→ **What to produce**:
Of the lines in the data below, write out exactly those from the one holding "Foto 6: VENTANAS;" through the one holding "Observación: Si es", both included.

→ **Data**:
════════════════

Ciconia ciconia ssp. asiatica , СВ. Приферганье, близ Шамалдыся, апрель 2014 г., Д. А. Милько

════════════════

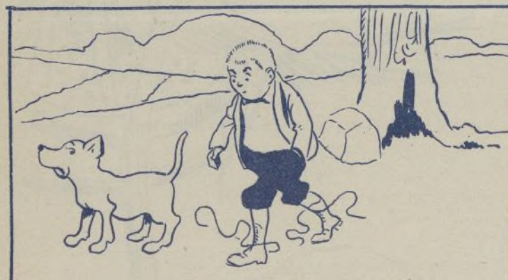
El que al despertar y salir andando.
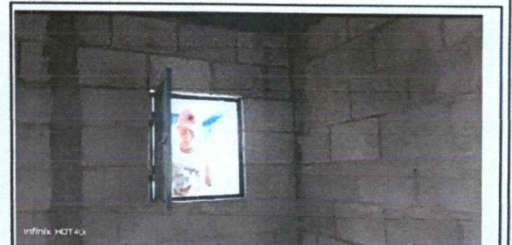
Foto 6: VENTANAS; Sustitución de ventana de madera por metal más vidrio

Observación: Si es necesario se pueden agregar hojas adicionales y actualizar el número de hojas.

════════════════

→ **Response box**:
Foto 6: VENTANAS; Sustitución de ventana de madera por metal más vidrio

Observación: Si es necesario se pueden agregar hojas adicionales y actualizar el número de hojas.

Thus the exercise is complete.